Requires-Dist: black>=23.0.0; extra == "dev"
Requires-Dist: ruff>=0.1.0; extra == "dev"
Requires-Dist: mypy>=1.0.0; extra == "dev"
Requires-Dist: build>=1.0.0; extra == "dev"
Requires-Dist: twine>=4.0.0; extra == "dev"

# DataShaper CLI

**Local-first data cleaning for CSV files.

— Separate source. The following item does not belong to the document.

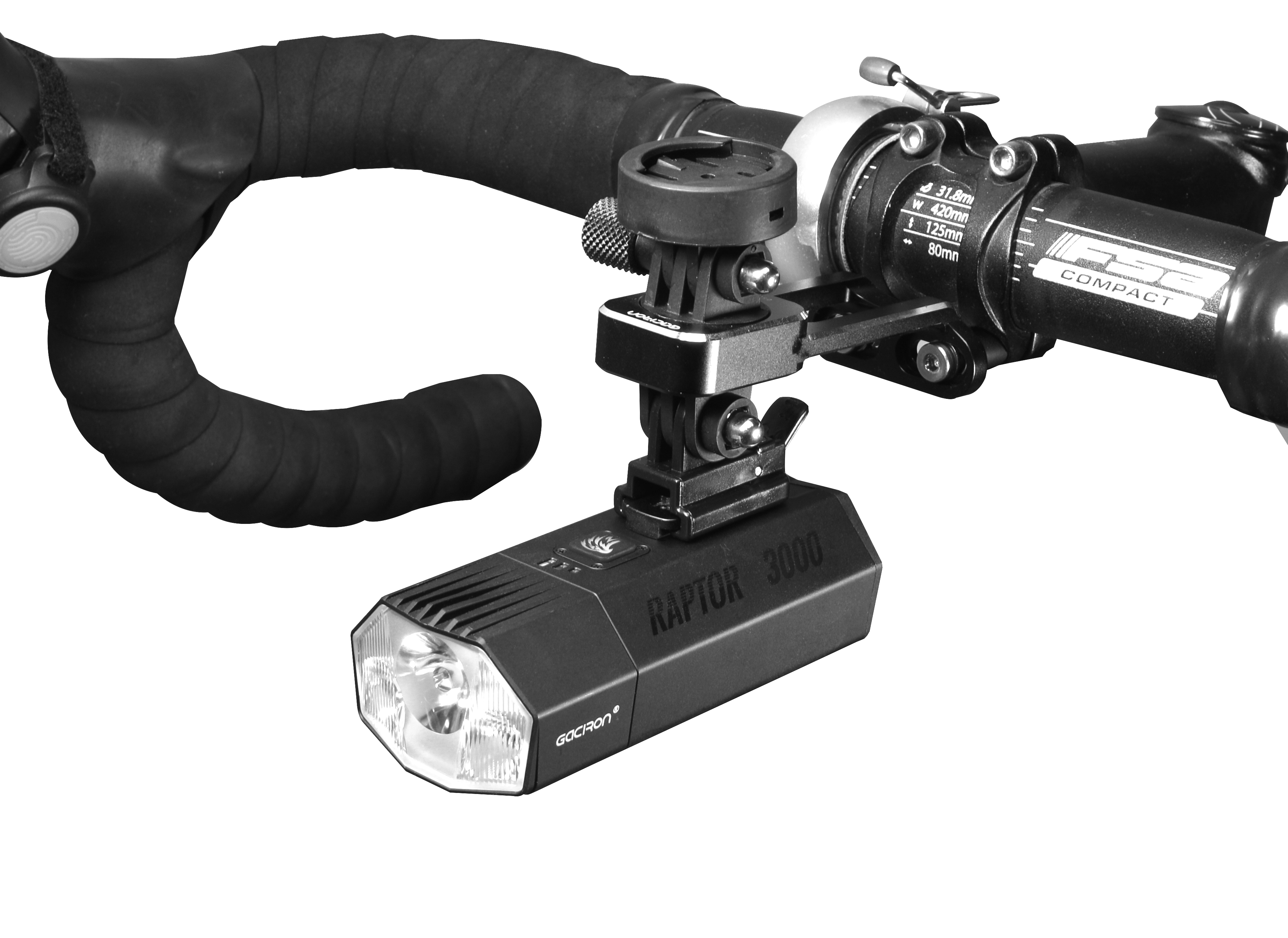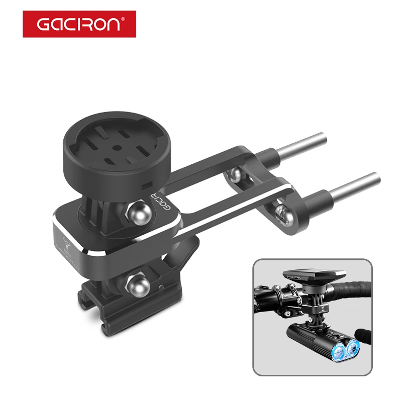 GoPro規格のマウントを上下に装備しており、Gaciron専用ライトベース、Garmin、Brytonなどのサイクルコンピューターの取り付けが可能です。
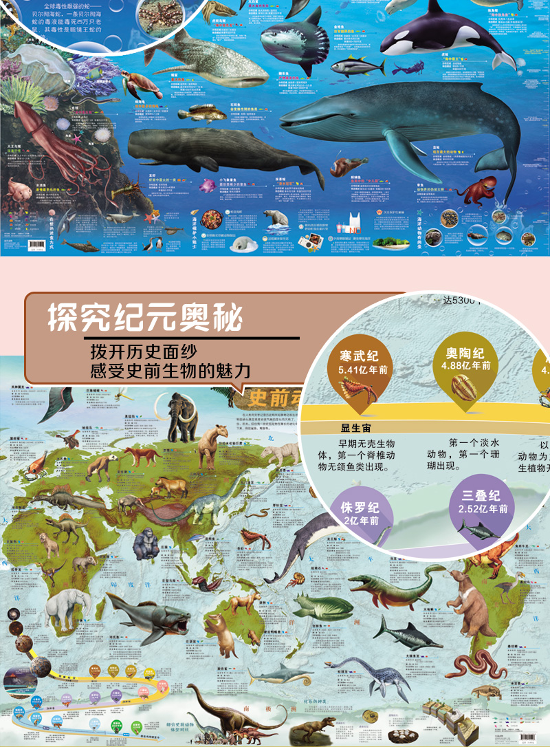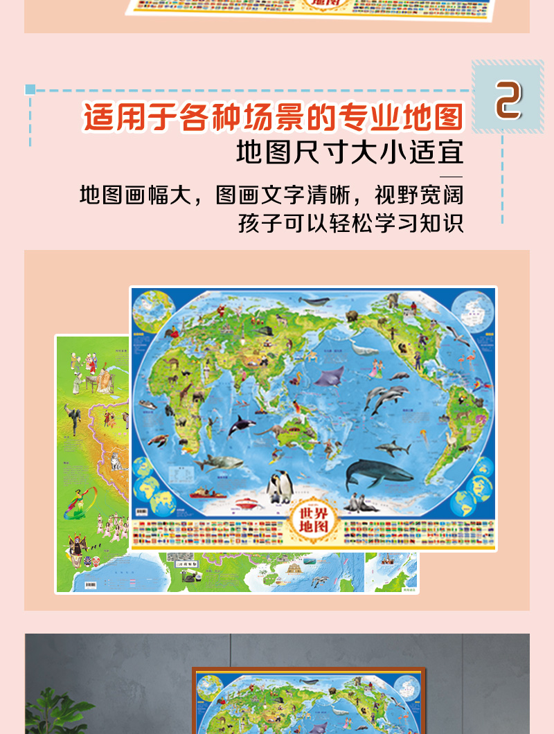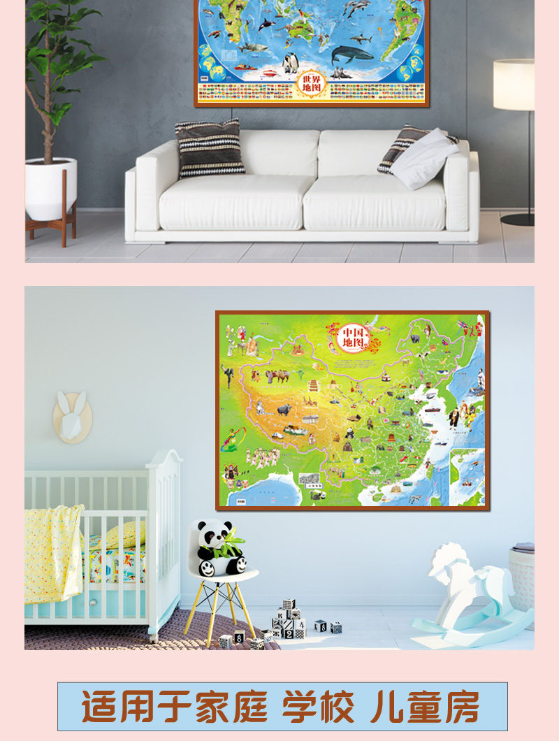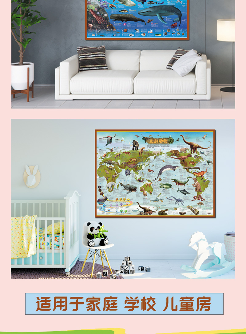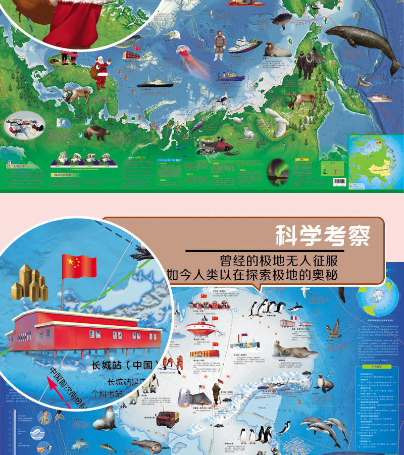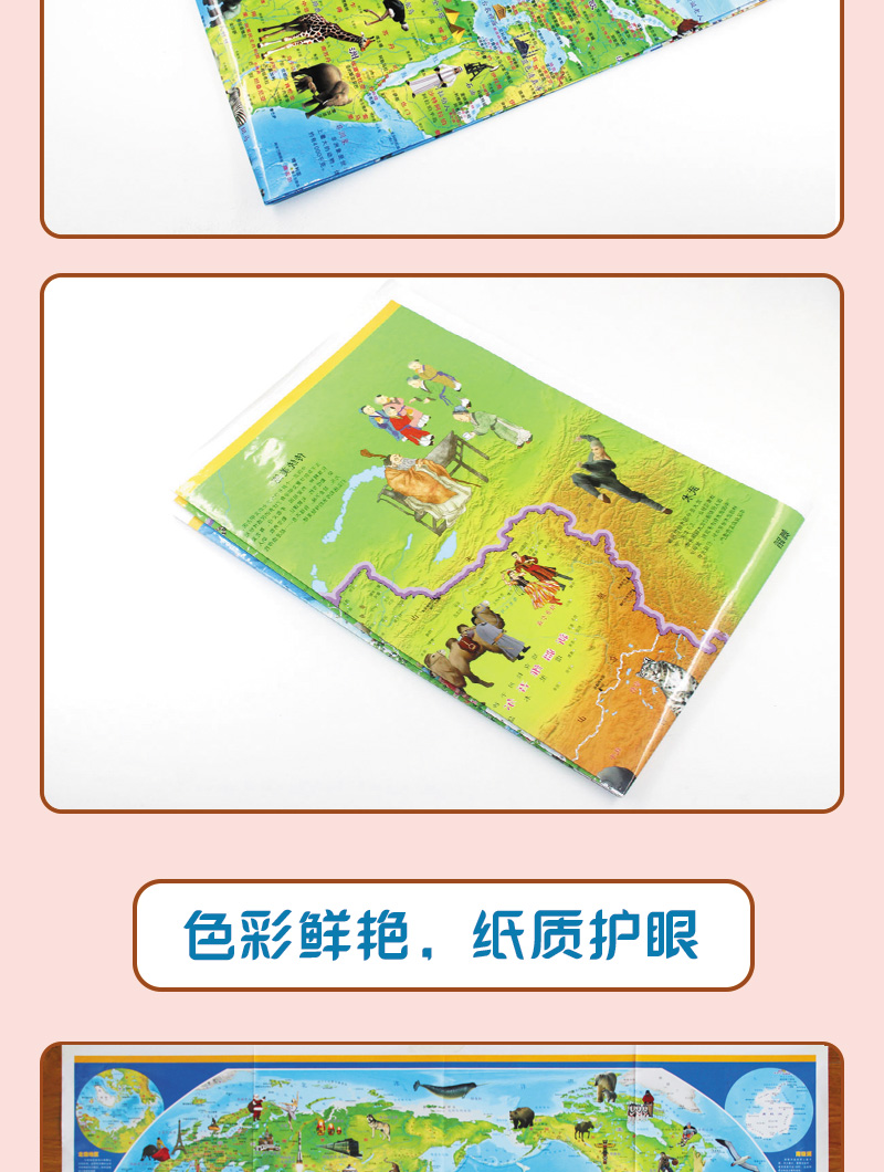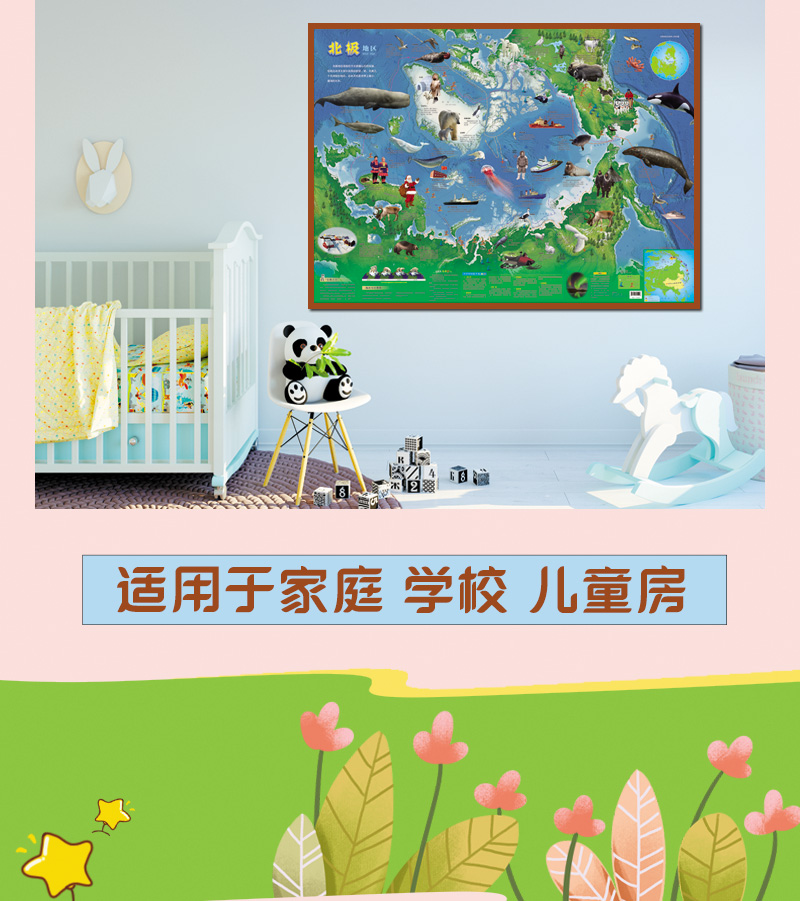 2022年中国世界地图太阳系中华民族北极南极史前海洋地图儿童房

No cloud uploads, complete privacy.**

[![PyPI version](https://badge.fury.io/py/datashaper.svg)](https://pypi.org/project/datashaper/)
[![License: MIT](https://img.shields.io/badge/License-MIT-yellow.svg)](https://opensource.org/licenses/MIT)

---

## 🚀 Quick Start

### Installation

```bash
pip install datashaper
```

### Basic Usage

```bash
# Clean a CSV file
datashaper clean mydata.csv

# Output: mydata_cleaned.csv + quality report
```

---

## ✨ Features

- **🔒 100% Local Processing** - Your data never leaves your device
- **⚡ Dual-Engine Architecture** - Polars (fast) + DuckDB (stable)
- **🧹 Auto-Detection** - Finds duplicates, nulls, formatting issues
- **📊 Quality Scoring** - Get a data quality score (0-100%)
- **🎯 Smart Routing** - Automatically selects best engine for your file
- **💼 Enterprise Ready** - Hardware-bound licensing, Team features

---

## 📋 Commands

### 1. Clean Data

```bash
datashaper clean input.csv
```

**What it does:**
- Removes duplicate rows
- Handles missing values
- Trims whitespace
- Validates data types
- Outputs: `input_cleaned.csv`

**Example Output:**
```
🔑 License: PRO tier
🧹 Cleaning: customer_data.csv
✅ Cleaned data saved to: customer_data_cleaned.csv

📊 Summary:
  • Issues found: 847
  • Fixes applied: 847
  • Quality score: 94.2%
  • Engine used: Polars
```

### 2. Create Bundle (Pro+)

```bash
datashaper bundle input.csv -o output.zip
```

**Creates ZIP with:**
- `cleaned.csv` - Cleaned data
- `report.html` - Detailed quality report
- `schema.json` - Data schema

### 3. Activate License

```bash
datashaper activate DS-ABCD-1234-WXYZ-5678
```

**Features:**
- Binds to your hardware (prevents sharing)
- Works offline after activation
- Stored in `~/.datashaper/license.json`

### 4. Check Status

```bash
datashaper status
```

**Shows:**
- Current tier (FREE, PRO, TEAM, ENTERPRISE)
- File size limit
- Feature availability
- License expiry (if applicable)

---

## 🎯 Tier Comparison

| Feature | Free | Pro | Team | Enterprise |
|---------|------|-----|------|------------|
| File Size | 25 MB | 1 GB | 5 GB | Unlimited* |
| Engine | Polars | Both | Both | Both + Chunked |
| ZIP Export | ❌ | ✅ | ✅ | ✅ |
| HTML Reports | ❌ | ✅ | ✅ | ✅ |
| Team Sharing | ❌ | ❌ | ✅ (10 seats) | ✅ (Custom) |
| Priority Support | ❌ | ❌ | ✅ | ✅ |
| Offline Activation | ✅ | ✅ | ✅ | ✅ |

*Unlimited with recommended hardware (see [HARDWARE.md](./HARDWARE.md))

---

## 🏗️ Architecture

### CrashGuard Engine

**Intelligent engine selection:**
```
File < 1GB → Polars (fast, in-memory)
File > 1GB → DuckDB (stable, out-of-core)
Polars OOM → Auto-retry with DuckDB
```

**Why two engines?**
- **Polars**: 10x faster for typical files
- **DuckDB**: Handles files larger than RAM
- **CrashGuard**: Never crashes, always falls back

---

## 🔒 Privacy & Security

### Your Data Never Leaves Your Device

**Zero cloud uploads:**
- All processing happens locally
- No servers see your data
- Works completely offline (after activation)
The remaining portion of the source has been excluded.